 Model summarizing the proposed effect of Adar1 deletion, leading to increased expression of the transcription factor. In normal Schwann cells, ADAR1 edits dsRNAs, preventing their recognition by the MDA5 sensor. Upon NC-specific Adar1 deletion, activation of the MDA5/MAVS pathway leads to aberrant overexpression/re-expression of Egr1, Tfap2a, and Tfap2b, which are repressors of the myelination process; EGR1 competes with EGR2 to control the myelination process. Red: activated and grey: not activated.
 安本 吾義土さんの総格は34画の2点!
==
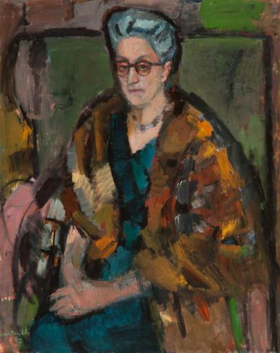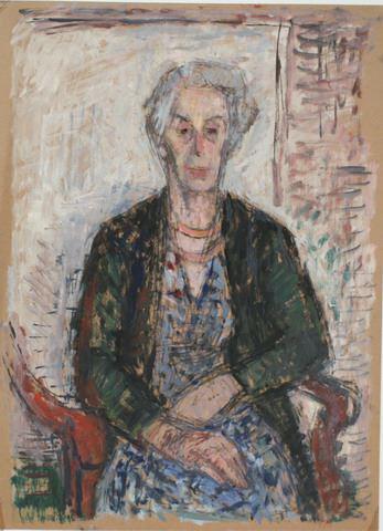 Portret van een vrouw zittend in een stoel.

▶ **What needs to be done**:
Output exactly one stretch of the listing: from the line containing "Model summarizing the" through the line containing "安本 吾義土さんの総格は34画の2点!", both end lines included.

▶ **Problem solution**:
 Model summarizing the proposed effect of Adar1 deletion, leading to increased expression of the transcription factor. In normal Schwann cells, ADAR1 edits dsRNAs, preventing their recognition by the MDA5 sensor. Upon NC-specific Adar1 deletion, activation of the MDA5/MAVS pathway leads to aberrant overexpression/re-expression of Egr1, Tfap2a, and Tfap2b, which are repressors of the myelination process; EGR1 competes with EGR2 to control the myelination process. Red: activated and grey: not activated.
 安本 吾義土さんの総格は34画の2点!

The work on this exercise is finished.